Terlepas dari keuntungan finansial yang nyata dalam lingkungan ekonomi yang menantang, masih menjadi misteri mengapa Madrid mengizinkan pemain dengan bakat Hakimi (dan Theo Hernandez, dalam hal ini, di seluruh kota) pergi tanpa klausul pembelian kembali. Meski Conte berniat menambahkan lebih banyak lapisan pada permainan Hakimi, dia tidak mengekang naluri menyerangnya. Awal Inter musim ini sebagian disebabkan oleh keberanian pendekatan mereka, di mana Conte berani menggunakan pemain sayap yang siap tampil di sayap, dua striker, pemain nomor 10, dan bek sayap seperti Aleksandar Kolarov di tengah. – kembali. Mereka mematikannya pada akhir November untuk mencari keseimbangan, namun Hakimi tetap menjadi pemecah permainan dan merupakan bek kanan paling mematikan yang pernah dimiliki tim ini sejak Maicon dan musim yang terlalu singkat. João Cancelo dinikmati dengan status pinjaman dari Valencia.

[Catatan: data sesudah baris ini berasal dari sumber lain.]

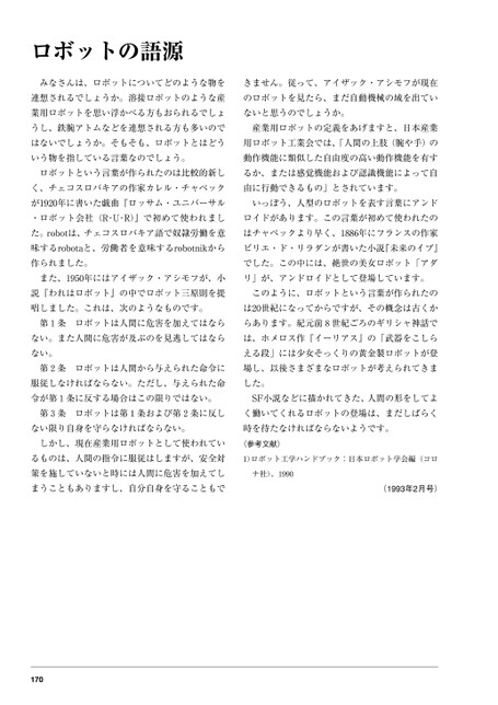 ロボットの語源みなさんは、ロボットについてどのような物をきません。従って、アイザック・アシモフが現在連想されるでしょうか。溶接ロボットのような産のロボットを見たら、まだ自動機械の域を出てい業用ロボットを思い浮かべる方もおられるでしょないと思うのでしょうか。うし、鉄腕アトムなどを連想される方も多いので産業用ロボットの定義をあげますと、日本産業はないでしょうか。そもそも、ロボットとはどう用ロボット工業会では、「人間の上肢(腕や手)のいう物を指している言葉なのでしょう。動作機能に類似した自由度の高い動作機能を有すロボットという言葉が作られたのは比較的新しるか、または感覚機能および認識機能によって自く、チェコスロバキアの作家カレル・チャペック由に行動できるもの」とされています。が1920年に書いた戯曲『ロッサム・ユニバーサルいっぽう、人型のロボットを表す言葉にアンド・ロボット会社(R・U・R)』で初めて使われましロイドがあります。この言葉が初めて使われたのた。robotは、チェコスロバキア語で奴隷労働を意はチャペックより早く、1886年にフランスの作家味するrobotaと、労働者を意味するrobotnikからビリエ・ド・リラダンが書いた小説『未来のイブ』作られました。でした。この中には、絶世の美女ロボット「アダまた、1950年にはアイザック・アシモフが、小リ」が、アンドロイドとして登場しています。説『われはロボット』の中でロボット三原則を提このように、ロボットという言葉が作られたの唱しました。これは、次のようなものです。は20世紀になってからですが、その概念は古くか第1条ロボットは人間に危害を加えてはなららあります。紀元前8世紀ごろのギリシャ神話でない。また人間に危害が及ぶのを見逃してはならは、ホメロス作『イーリアス』の「武器をこしらない。える段」には少女そっくりの黄金製ロボットが登第2条ロボットは人間から与えられた命令に場し、以後さまざまなロボットが考えられてきま服従しなければならない。ただし、与えられた命した。令が第1条に反する場合はこの限りではない。SF小説などに描かれてきた、人間の形をしてよ第3条ロボットは第1条および第2条に反しく働いてくれるロボットの登場は、まだしばらくない限り自身を守らなければならない。時を待たなければならないようです。しかし、現在産業用ロボットとして使われてい〈参考文献〉るものは、人間の指令に服従はしますが、安全対1)ロボット工学ハンドブック:日本ロボット学会編(コロ策を施していないと時には人間に危害を加えてしナ社)、1990まうこともありますし、自分自身を守ることもで(1993年2月号)170

“Saat saya mulai bermain sepak bola, saya bermain sebagai penyerang,” kata Hakimi. “Itulah yang mereka tanyakan padaku. Itu sebabnya saya memiliki mentalitas untuk selalu menyerang. Saya selalu fokus pada pemain menyerang, lalu bermain lebih jauh ke depan. Sebagai pembela, Marcelo selalu menjadi pemain yang memberikan pengaruh besar pada saya. Saya juga berkesempatan bermain di posisi yang sama. Saya belajar banyak dari dia.” Hakimi telah terlibat dalam 11 gol musim ini dan data Wyscout juga menunjukkan dia memimpin Serie A dalam hal assist (enam), umpan sebelum umpan yang mengarah ke gol. Jika Inter memenangkan scudetto musim ini seperti yang diharapkan, sidik jarinya akan ada di seluruh kemenangan tersebut.
“Kami santai saja,” kata Hakimi, “kami tahu keunggulan yang kami miliki (Conte yang berkarakteristik dan kejam telah menambah 11 poin), namun kami harus memikirkan pertandingan demi pertandingan. Masih banyak yang harus dimainkan. Kami ingin keunggulan ini dipertahankan. , karena ini adalah kesempatan bagus untuk memenangkan sesuatu yang telah kami nantikan selama bertahun-tahun, dan ditunggu-tunggu oleh para penggemar. Mudah-mudahan kami bisa melakukannya di akhir musim.”